Working from the records below, repeat exactly the lines starting at the line that contains "摘要:進(jìn)入九月,迎" and ending at the line that contains "Afgelopen winter liepen", inclusive.

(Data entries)
* * *
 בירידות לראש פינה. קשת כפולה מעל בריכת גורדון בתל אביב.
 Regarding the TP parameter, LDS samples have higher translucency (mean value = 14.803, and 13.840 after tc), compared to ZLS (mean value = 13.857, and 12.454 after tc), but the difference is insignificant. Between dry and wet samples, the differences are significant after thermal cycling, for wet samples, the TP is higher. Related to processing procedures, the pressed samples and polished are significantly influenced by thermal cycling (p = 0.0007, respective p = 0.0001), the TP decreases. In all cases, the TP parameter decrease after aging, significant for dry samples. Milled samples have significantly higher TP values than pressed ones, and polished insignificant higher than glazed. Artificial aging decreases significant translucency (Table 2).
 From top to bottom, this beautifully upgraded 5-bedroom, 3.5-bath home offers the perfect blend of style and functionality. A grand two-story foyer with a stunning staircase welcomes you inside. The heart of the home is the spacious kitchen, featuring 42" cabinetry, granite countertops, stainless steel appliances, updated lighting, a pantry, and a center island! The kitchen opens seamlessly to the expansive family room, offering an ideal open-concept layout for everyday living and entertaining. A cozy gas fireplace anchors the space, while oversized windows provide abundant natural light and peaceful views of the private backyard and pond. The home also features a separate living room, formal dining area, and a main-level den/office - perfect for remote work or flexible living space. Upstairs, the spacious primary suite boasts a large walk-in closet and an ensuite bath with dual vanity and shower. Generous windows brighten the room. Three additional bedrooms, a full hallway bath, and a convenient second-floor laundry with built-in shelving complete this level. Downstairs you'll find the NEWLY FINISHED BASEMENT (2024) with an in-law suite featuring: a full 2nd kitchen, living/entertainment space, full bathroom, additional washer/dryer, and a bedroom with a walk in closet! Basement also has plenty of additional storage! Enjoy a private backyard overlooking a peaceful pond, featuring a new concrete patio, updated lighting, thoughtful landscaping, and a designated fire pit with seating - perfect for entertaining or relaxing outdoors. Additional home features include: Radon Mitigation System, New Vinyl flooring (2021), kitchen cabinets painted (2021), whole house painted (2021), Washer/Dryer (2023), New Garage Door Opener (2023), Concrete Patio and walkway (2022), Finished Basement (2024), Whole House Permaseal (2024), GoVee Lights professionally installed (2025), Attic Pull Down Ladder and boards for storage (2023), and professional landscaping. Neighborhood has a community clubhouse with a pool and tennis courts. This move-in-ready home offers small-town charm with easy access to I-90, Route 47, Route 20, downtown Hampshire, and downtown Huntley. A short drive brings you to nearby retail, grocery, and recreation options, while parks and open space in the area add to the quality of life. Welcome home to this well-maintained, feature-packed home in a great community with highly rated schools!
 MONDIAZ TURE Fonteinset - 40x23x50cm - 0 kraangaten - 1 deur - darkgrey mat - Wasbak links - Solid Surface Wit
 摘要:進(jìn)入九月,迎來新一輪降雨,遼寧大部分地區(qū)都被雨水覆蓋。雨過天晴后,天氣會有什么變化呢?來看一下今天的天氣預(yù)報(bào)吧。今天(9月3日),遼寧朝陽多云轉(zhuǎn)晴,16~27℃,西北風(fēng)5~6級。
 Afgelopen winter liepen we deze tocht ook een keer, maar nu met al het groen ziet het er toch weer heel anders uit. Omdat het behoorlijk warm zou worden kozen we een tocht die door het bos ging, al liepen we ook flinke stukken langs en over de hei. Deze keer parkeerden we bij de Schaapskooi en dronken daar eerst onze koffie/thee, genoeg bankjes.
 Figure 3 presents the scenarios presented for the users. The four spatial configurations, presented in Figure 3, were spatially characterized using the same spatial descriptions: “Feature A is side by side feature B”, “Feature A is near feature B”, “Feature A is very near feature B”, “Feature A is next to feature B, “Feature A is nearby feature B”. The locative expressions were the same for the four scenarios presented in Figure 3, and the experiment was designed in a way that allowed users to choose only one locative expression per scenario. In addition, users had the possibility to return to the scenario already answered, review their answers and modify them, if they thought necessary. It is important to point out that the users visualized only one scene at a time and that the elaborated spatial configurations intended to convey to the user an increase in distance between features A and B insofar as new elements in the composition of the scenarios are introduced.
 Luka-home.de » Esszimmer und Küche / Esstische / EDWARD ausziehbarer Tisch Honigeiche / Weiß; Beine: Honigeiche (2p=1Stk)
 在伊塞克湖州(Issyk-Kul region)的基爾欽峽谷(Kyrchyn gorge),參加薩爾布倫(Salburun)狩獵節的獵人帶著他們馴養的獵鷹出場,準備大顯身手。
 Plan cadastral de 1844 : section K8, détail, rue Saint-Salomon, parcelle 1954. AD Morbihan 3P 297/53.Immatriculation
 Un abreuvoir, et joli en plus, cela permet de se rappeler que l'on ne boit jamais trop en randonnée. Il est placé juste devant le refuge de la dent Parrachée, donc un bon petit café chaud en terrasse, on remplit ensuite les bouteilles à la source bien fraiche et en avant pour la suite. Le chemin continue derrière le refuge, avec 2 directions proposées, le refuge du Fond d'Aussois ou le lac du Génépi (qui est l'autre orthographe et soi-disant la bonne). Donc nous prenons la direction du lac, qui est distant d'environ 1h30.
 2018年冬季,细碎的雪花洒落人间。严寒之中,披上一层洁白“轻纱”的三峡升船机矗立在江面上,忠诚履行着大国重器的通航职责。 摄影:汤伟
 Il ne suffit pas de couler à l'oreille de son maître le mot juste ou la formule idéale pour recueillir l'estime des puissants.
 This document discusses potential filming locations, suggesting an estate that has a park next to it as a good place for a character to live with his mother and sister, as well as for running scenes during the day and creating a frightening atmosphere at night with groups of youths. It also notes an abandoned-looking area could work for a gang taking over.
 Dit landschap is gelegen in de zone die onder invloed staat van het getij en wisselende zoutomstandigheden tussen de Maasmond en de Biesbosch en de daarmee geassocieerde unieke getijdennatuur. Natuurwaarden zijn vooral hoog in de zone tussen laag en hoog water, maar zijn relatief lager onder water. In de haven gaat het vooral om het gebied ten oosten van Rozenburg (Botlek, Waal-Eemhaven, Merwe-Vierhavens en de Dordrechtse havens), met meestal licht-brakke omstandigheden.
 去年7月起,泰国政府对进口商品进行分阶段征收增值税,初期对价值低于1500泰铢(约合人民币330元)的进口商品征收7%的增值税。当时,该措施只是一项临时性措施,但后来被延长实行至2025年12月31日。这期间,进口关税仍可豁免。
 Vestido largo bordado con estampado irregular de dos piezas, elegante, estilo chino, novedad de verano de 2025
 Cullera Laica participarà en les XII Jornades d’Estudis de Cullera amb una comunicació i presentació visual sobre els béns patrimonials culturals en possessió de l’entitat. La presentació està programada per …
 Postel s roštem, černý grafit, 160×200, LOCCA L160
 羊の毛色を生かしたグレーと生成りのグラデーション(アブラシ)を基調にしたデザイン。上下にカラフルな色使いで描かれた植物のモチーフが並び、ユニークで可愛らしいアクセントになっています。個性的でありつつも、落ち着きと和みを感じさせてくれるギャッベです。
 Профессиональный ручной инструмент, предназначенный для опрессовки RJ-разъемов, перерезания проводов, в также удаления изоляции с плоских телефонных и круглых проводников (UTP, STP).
* * *
◆ EXERCISE OUTPUT:
 摘要:進(jìn)入九月,迎來新一輪降雨,遼寧大部分地區(qū)都被雨水覆蓋。雨過天晴后,天氣會有什么變化呢?來看一下今天的天氣預(yù)報(bào)吧。今天(9月3日),遼寧朝陽多云轉(zhuǎn)晴,16~27℃,西北風(fēng)5~6級。
 Afgelopen winter liepen we deze tocht ook een keer, maar nu met al het groen ziet het er toch weer heel anders uit. Omdat het behoorlijk warm zou worden kozen we een tocht die door het bos ging, al liepen we ook flinke stukken langs en over de hei. Deze keer parkeerden we bij de Schaapskooi en dronken daar eerst onze koffie/thee, genoeg bankjes.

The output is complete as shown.